The warden wants to make Leone snap, so he orders Weber to kill First-Base in the gym. Leone goes wild and attacks the man, but stops from killing him, giving one of Weber’s henchmen time to knife him. As he heals in the infirmary, one of the prisoners tells him that he is going to assault Melissa while Leone rots in jail.
That’s when the real escape begins, which is filled with twists, turns, double crosses and violence. Of course, this being a Stallone movie, everything ends up working out for our hero.
It’s no surprise that this film was nominated for three Razzie Awards including Worst Picture, Worst Actor for Stallone and Worst Supporting Actor for Donald Sutherland, but failed to win any awards.
Stallone told Entertainment Weekly that this was “not a film that was produced and performed with enough maturity to really make a significant impact on the audience or my career. And that’s the truth.”
Director John Flynn (Out for Justice, RollingThunder, Brainscan) told Shock Cinema that “Lock Up is a strange lesson in how Hollywood movies are made. Stallone had a window which means the guy was available for a certain window of time. Larry Gordon had a terrible script set in a prison. Stallone calls James Woods and asks if I’m any good as a director. Woods says “Yeah, he’s a good director and you ought to work with him.” So we have a director and a star, but no script. All we have is a theme — a guy escaping from prison. So we hire Jeb Stuart (Sam’s note — who we all remember from directing Switchback after he wrote Die Hard and Next of Kin) who was then one of the hottest writers in Hollywood, to rewrite the script and we go off looking for prison locations. Now we have a star, a theme, a shooting date, a budget, a studio, but we still have no script. So we all go back to New York City, and move into a hotel where Larry tortures Jeb and Henry Rosenbaum (Sam’s note #2 — The Dunwich Horror and Hanky Panky) into writing a script in record time.
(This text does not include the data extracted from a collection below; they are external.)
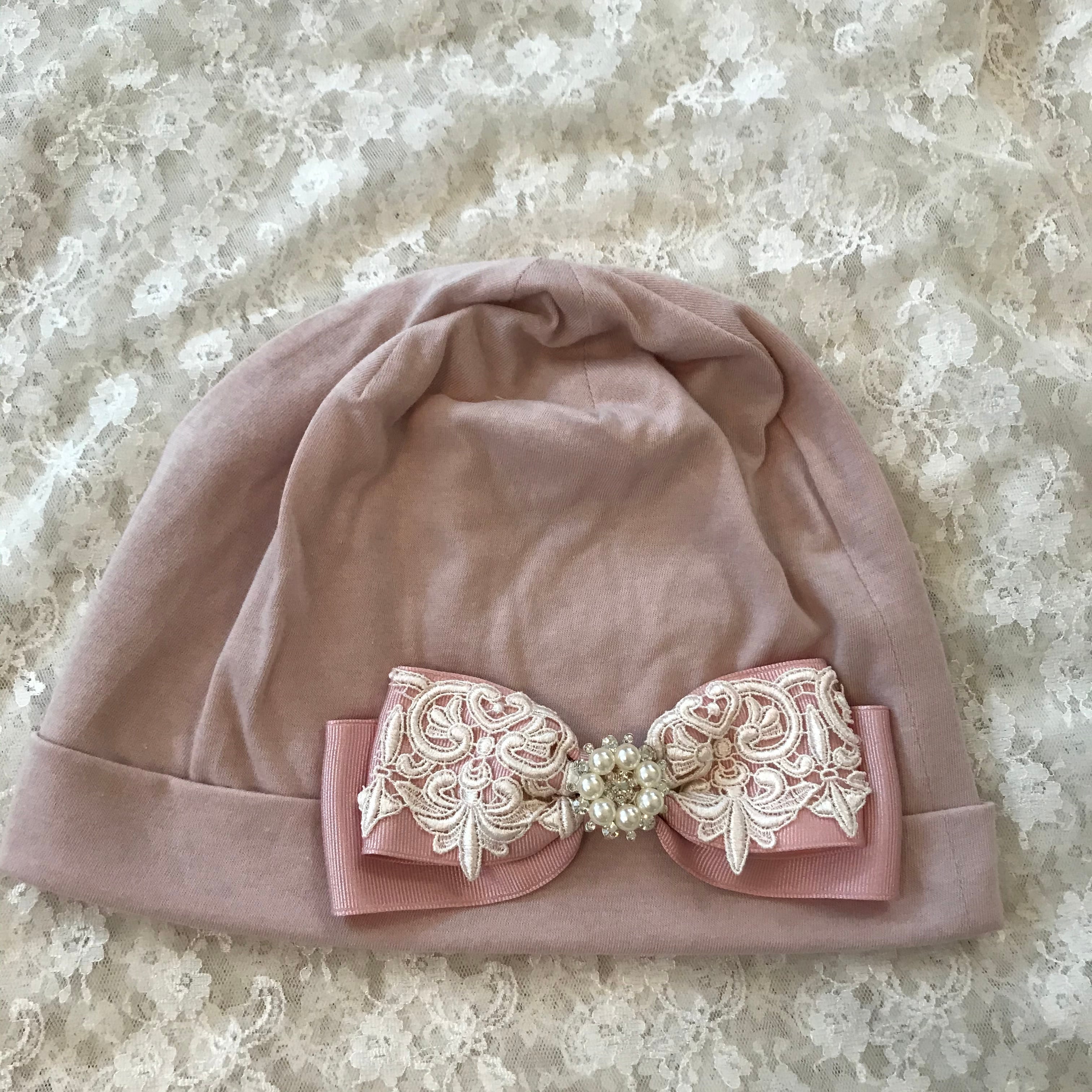 豪華レースとパールモチーフのケア帽子 ピンク4
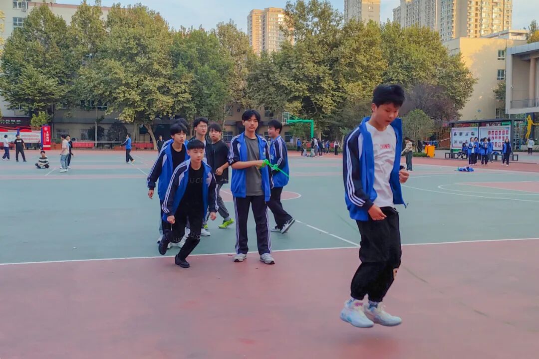 比赛当天,各班参赛同学们在操场上排着长长队伍,摩拳擦掌,摆好阵势。一声哨响,四组参赛班级同时开始比赛。参赛队员沿着“8”字路线依次进入,敏捷的身姿,跃动的彩绳,和着周围拉拉队员的叫好声,安静的校园顿时沸腾起来。
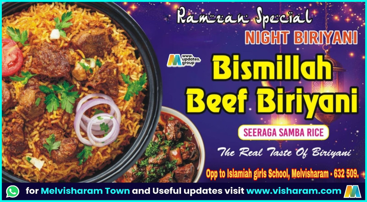 🌙 Ramzan Special Night Biriyani! 🍽️ 🔥 Bismillah Beef Biriyani 🍚 Seeraga Samba Rice Experience the Real Taste of Biriyani 😋 📍 Opp to Islamiah Girls School, Melvisharam – 632509
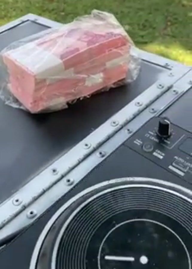 Here's a detailed description of the video: The video shows a DJ setup outdoors, likely at an event. There's a stack of money wrapped in plastic sitting on top of a black DJ controller case. The DJ equipment includes a black mixer with knobs and a turntable, along with a Macbook Pro positioned above it on a stand. The DJ controller has "SERATO DJ" printed on it. The camera then pans to show an outdoor setting - a grassy lawn with trees in the background. People are visible in the distance, standing on a white sheet decorated with rose petals and balloons. The reflection on the Macbook Pro screen hints at what the people are doing. The video suggests the DJ is hired for an event taking place in a park-like setting.

Meanwhile, I’m going around scouting prisons. We finally found one in Rahway, New Jersey. Jeb and Henry were writing the script as we were making the movie. New pages would come in every day. There was one day when I was on the third tier of a cell-block in Rahway Penitentiary and I had nothing to shoot. I had my movie star, all these extras and a great location — and the pages were on their way. So we sat around and bullshitted with the prisoners. Stallone is a smart guy and a very underrated actor. If I ever needed a better line, he’d come up with one. Stallone is a really hard worker. I had no problem whatsoever with him.”
Interestingly enough, while they were shooting in Rahway, Chuck Wepner, the inspiration for Rocky, was there as a prisoner serving time for cocaine possession. Stallone greeted him and told the other prisoners that he was the real Rocky, which was actually part of a lawsuit that Wepner brought against Stallone that was resolved out of court in 2006.
In Turkey, Lock Up is known as Free Blood, which is just an attempt to get audiences to think that this is a sequel to the Rambo films. I love that level of exploitation being used for a Hollywood film. In Hungary, they call this movie In the Prison of Revenge, which is a much more poetic title.